The proposed General Assembly Substitute Bill No. 6870 seeks to establish a Canadian prescription drug importation program aimed at reducing prescription drug costs in the state, effective July 1, 2025. The bill defines key terms such as "Canadian supplier" and "participating wholesaler," and mandates the Commissioner of Consumer Protection to hire a consultant to assess the program's feasibility, with a report due by October 1, 2027. If feasible, the Commissioner may seek federal approval to implement the program, ensuring that imported drugs meet safety standards and comply with federal tracing procedures. Participating wholesalers will be allowed to import certain prescription drugs from Canada, provided they meet specific federal standards and do not include controlled substances. The bill also includes provisions for testing the authenticity of imported drugs and maintaining comprehensive records for a minimum of three years.

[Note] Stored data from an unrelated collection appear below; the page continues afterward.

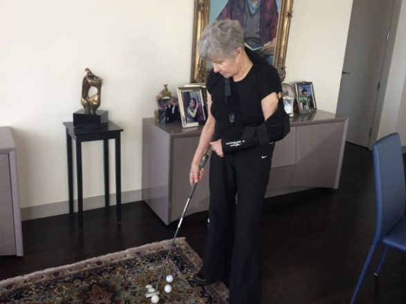 ❒一个高尔夫球在公寓地板上可以自由地来回滚动。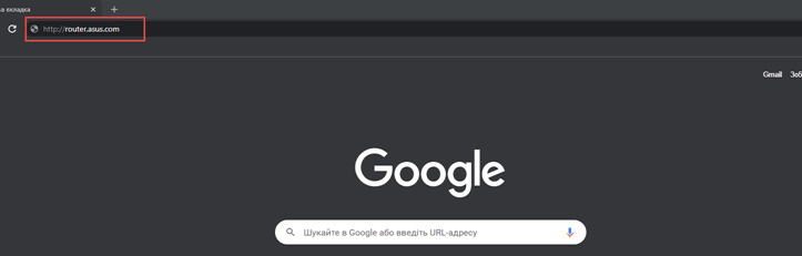 На своєму компютері або смартфоні відкрийте інтернет браузер (Google Chrome, Mozilla Firefox, Opera, Internet Explorer), де в адресному рядку (не в пошуковому) введіть адресу сторінки налаштування роутера. Конкретна адреса знаходиться на наклейці вашого роутера . В даному випадку у нас http://router.asus.com і натискайте Enter.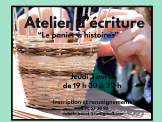 Vannerie et écriture – Le panier à histoires 03/04/2025 Dans une 𝐚𝐦𝐛𝐢𝐚𝐧𝐜𝐞 𝐜𝐨𝐧𝐯𝐢𝐯𝐢𝐚𝐥𝐞, nous explorerons le vocabulaire riche de cet artisanat, jouerons avec les mots comme on joue… Lire la suite Type d'événement Atelier d'écriture
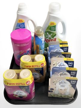 Six Glade scent diffusers and six various bottles / packs of laundry detergent and scented sprays.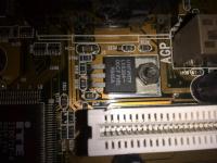 Dieses Modell ist dafür bekannt, das ein bestimmter Lastregler, nämlich derjenige am AGP Port rechts, ziemlich warm wird und dieser Lastregler (Es handelt sich um den Linfinity LX8383A) sowieso bei einer potenteren Grafikkarte dann quasi überhitzt und abschaltet. (z.B. bei einer Voodoo3 AGP). Auf den Bilden ist dies das letzte Bild von unten.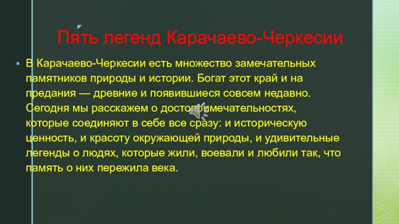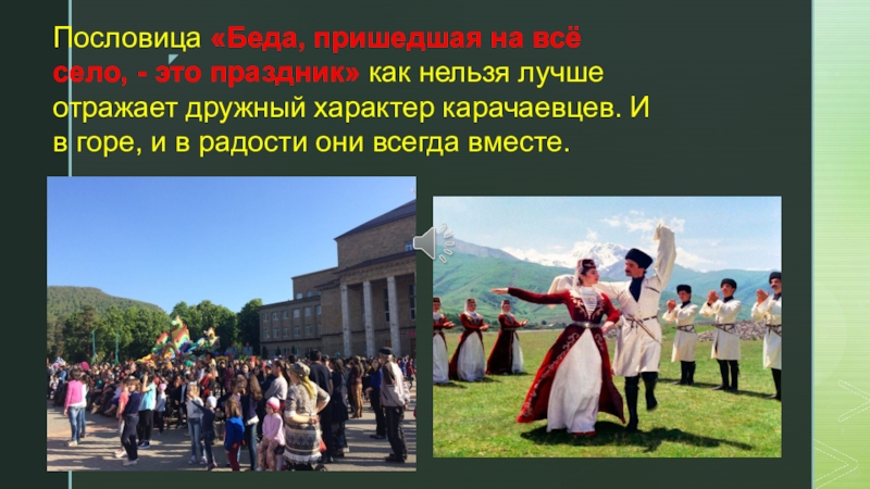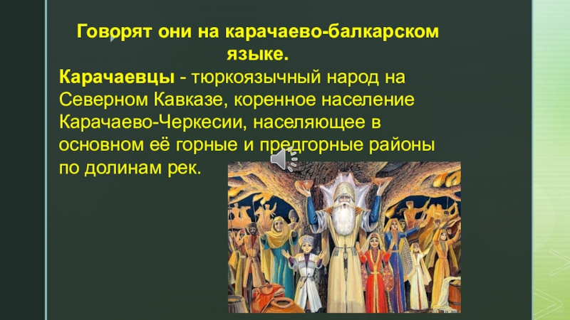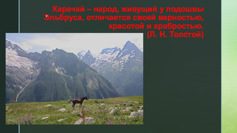 Слайд 35Карачай – народ, живущий у подошвы Эльбруса, отличается своей верностью, красотой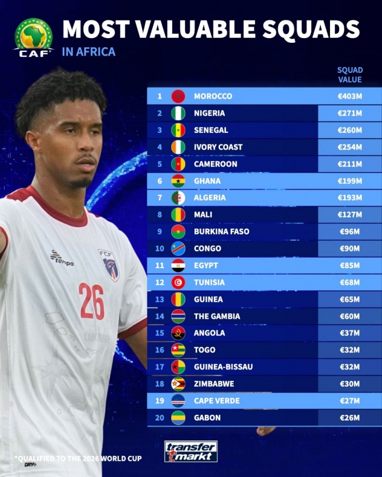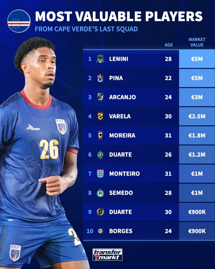 佛得角全队身价2720万欧,比国足(1263万欧)的两倍还多,但在非洲仅排在第19位。佛得角阵中身价最高的球员为效力俄超克拉斯诺达尔的凯文-皮纳和效力土超特拉布宗体育的瓦格纳-皮纳,两人身价均为500万欧元,全队8名球员身价超过100万欧。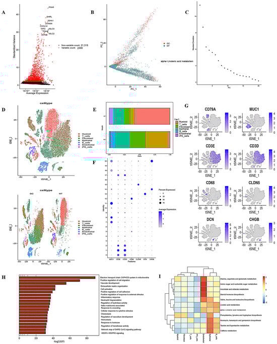 2.3. Tissue Transcriptome and Single-Cell RNA Sequencing, Combined with Metabolomics, Reveal Changes in 1CM-Related Pathways in GC

Additionally, the bill introduces new regulations for pharmaceutical manufacturers and wholesale distributors, including a prohibition on selling identified prescription drugs above a defined "reference price" starting January 1, 2026. It establishes civil penalties for violations and outlines enforcement mechanisms, including the authority for the Commissioner to examine records and impose penalties. The bill also prohibits manufacturers from withdrawing drugs to evade penalties and mandates health carriers to credit insured individuals for out-of-pocket expenses incurred when purchasing prescription drugs from out-of-network providers. Overall, the bill aims to enhance accountability, compliance, and affordability within the pharmaceutical industry while promoting access to affordable healthcare for consumers.